Clemson University researchers are investigating four existing FDA-approved drugs as potential treatments for Sanfilippo syndrome, a rare neurodegenerative disorder that affects children and is often referred to as childhood Alzheimer's disease. The study, funded by the Cure Sanfilippo Foundation, represents a novel drug repurposing approach that could significantly accelerate treatment development for this fatal condition.
Disease Mechanism and Current Challenges
Sanfilippo syndrome is characterized by the accumulation of heparan sulfate in cellular lysosomes due to enzyme deficiencies. This buildup causes progressive brain damage, leading to loss of speech, mobility, eating ability, and sleep function. Children typically appear healthy at birth but gradually deteriorate, with most patients dying during their teenage years.

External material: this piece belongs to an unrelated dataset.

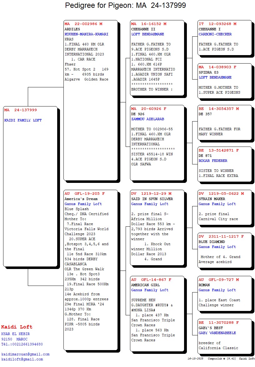 LOT 72 AFRIKAPRO AUCTION 4 – Kaidi Family Loft-MAROC-24-137920 –

"We know the cause, but what we don't understand is why," said Trudy Mackay, director of the Clemson Center for Human Genetics. The syndrome affects cellular function at the lysosomal level, where the absence of critical enzymes prevents proper breakdown of heparan sulfate molecules.
Fruit Fly Model Advantages
The research team is utilizing Drosophila melanogaster (fruit flies) as a model organism to test drug efficacy. This approach leverages significant genetic similarities between humans and fruit flies, with Mackay noting that "70% of human disease genes have fruit fly counterparts."
The fruit fly model offers several advantages for Sanfilippo syndrome research, including rapid generation times, well-characterized genetics, and the ability to conduct high-throughput screening of multiple compounds simultaneously.
Drug Repurposing Strategy
Rather than developing new compounds from scratch, the Clemson team is focusing on four drugs already approved for other indications. "They are approved for something else currently, but they are safe for children to take," Mackay explained. This strategy could substantially reduce development timelines and costs.
Robert Anhold, Provost Distinguished Professor of Genetics at Clemson University, emphasized the economic benefits of this approach: "These days there is a realization that instead of starting from scratch, spending millions and millions of dollars and many years to get it to market, let's look at these thousands of drugs we already have."
Clinical Translation Timeline
If the fruit fly studies demonstrate promising results, the research team plans to advance to human clinical trials. The O'Neill family, whose 15-year-old daughter Eliza has Sanfilippo syndrome, hopes these trials could begin at the Greenwood Genetic Center within the next few years.
The urgency of this timeline reflects the progressive nature of the disease. "As we know Sanfilippo is fatal," said Cara O'Neill, Eliza's mother. "It's a neurodegenerative disease and time is of the essence."
Foundation Support and Family Impact
The Cure Sanfilippo Foundation, established by Glenn and Cara O'Neill following their daughter's diagnosis, has grown from a single family initiative to a network of 150 partner families worldwide over 11 years. This foundation provides crucial funding for research initiatives, including the current Clemson study.
The O'Neill family's experience illustrates the devastating impact of Sanfilippo syndrome on families. "It was difficult when we got the diagnosis, you are told your child is basically going to fade away and die in the next decade," Glenn O'Neill said. "It throws everything upside down, your entire life."
Research Implications
The Clemson study represents a pragmatic approach to rare disease drug development, combining established model organisms with existing pharmaceutical compounds. This methodology could serve as a template for other rare disease research programs, particularly those affecting pediatric populations where traditional drug development timelines are inadequate.
The research addresses a critical unmet medical need, as no approved treatments currently exist for Sanfilippo syndrome. Success in this drug repurposing effort could provide hope for affected families while demonstrating the value of innovative research approaches in rare disease therapeutics.